It is widely known in the prior art that improving the overall geometry of a heat-dissipating article can greatly enhance the overall performance of the article even if the base material used in the heat sink is the same. Therefore, the need for improved heat sink geometries necessitated an alternative to the machining of bulk metallic materials. To meet this need, attempts have been made in the prior art to provide molded compositions that include conductive filler material therein to provide the necessary thermal conductivity. The ability to mold a conductive composite enabled the design of more complex part geometries to realize improved performance of the part.

The attempts in the prior art included the employment of a polymer base matrix loaded with a granular material, such as boron nitride grains. Also, attempts have been made to provide a polymer base matrix loaded with flake-like filler material. In addition, attempts have been made using Metal Injection Molding Material (MIM). These attempts are, indeed, formable into complex geometries but still do not approach the desired performance levels found in metallic machined parts and the MIM parts have a lower thermal conductivity than heat sinks machined from solid metal. In addition, known conductive plastic materials are undesirable because they are typically very expensive to manufacture because they employ very expensive filler materials. Still further, these conductive composite materials must be molded with extreme precision due to concerns of filler alignment during the molding process. Even with precision molding and design, inherent problems of fluid turbulence, collisions with the mold due to complex product geometries make it impossible to position the filler ideally thus causing the composition to perform far less than desirable.

Moreover, the entire matrix of the composition must be satisfactory because heat transfer is a bulk property rather than a direct path property such as the transfer of electricity. A direct path is needed to conduct electricity. However, heat is transferred in bulk where the entire volume of the body is employed for the transfer. Therefore, even if a highly conductive narrow conduit is provided through a much lower conductive body, the heat transfer would not be as good as a body which is consistently marginally conductive throughout the entire body.

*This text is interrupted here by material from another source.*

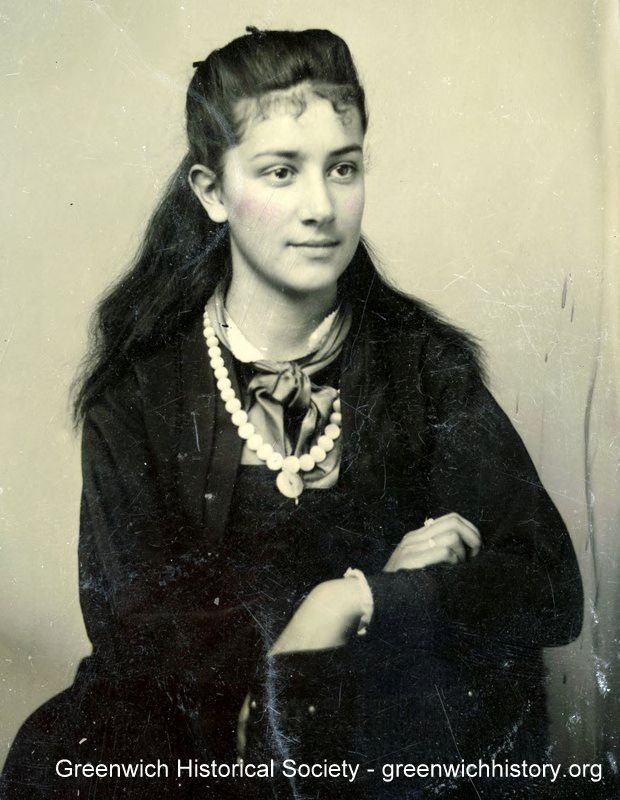 Portrait photograph of a young woman with long hair wearing a beaded necklace and scarf.Collection
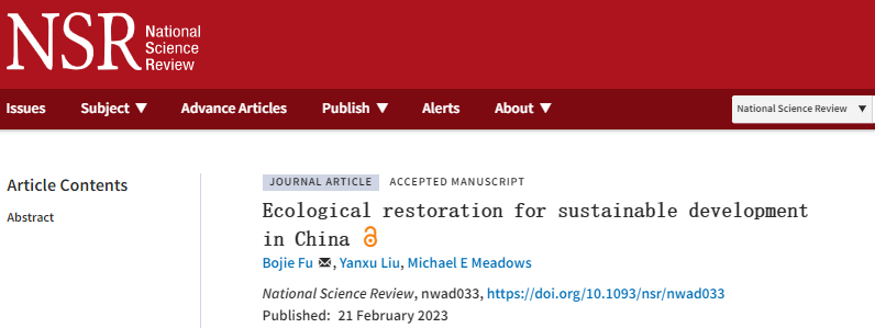 Bojie Fu, Yanxu Liu, Michael E. Meadows. Ecological restoration for sustainable development in China. National Science Review, 2023. https://dio.org/10.1093/nsr/nwad033

Therefore, consistency of the thermal conductivity of the entire matrix of the composite body is essential for overall high thermal conductivity.

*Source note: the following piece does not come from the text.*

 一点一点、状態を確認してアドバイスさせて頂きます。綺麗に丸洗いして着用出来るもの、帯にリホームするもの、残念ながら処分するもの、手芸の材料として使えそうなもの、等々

In view of the foregoing, there is a demand for a composite material that is highly thermally conductive. In addition, there is a demand for a composite material that can be molded or cast into complex product geometries. There is also a demand for such a moldable article that exhibits thermal conductivity as close as possible to purely metallic conductive materials while being relatively low in cost to manufacture.

SUMMARY OF INVENTION

The present invention expands upon the concepts and advantages of prior art thermally conductive plastic compositions. In addition, it provides new advantages not found in currently available compositions and overcomes many disadvantages of such currently available compositions.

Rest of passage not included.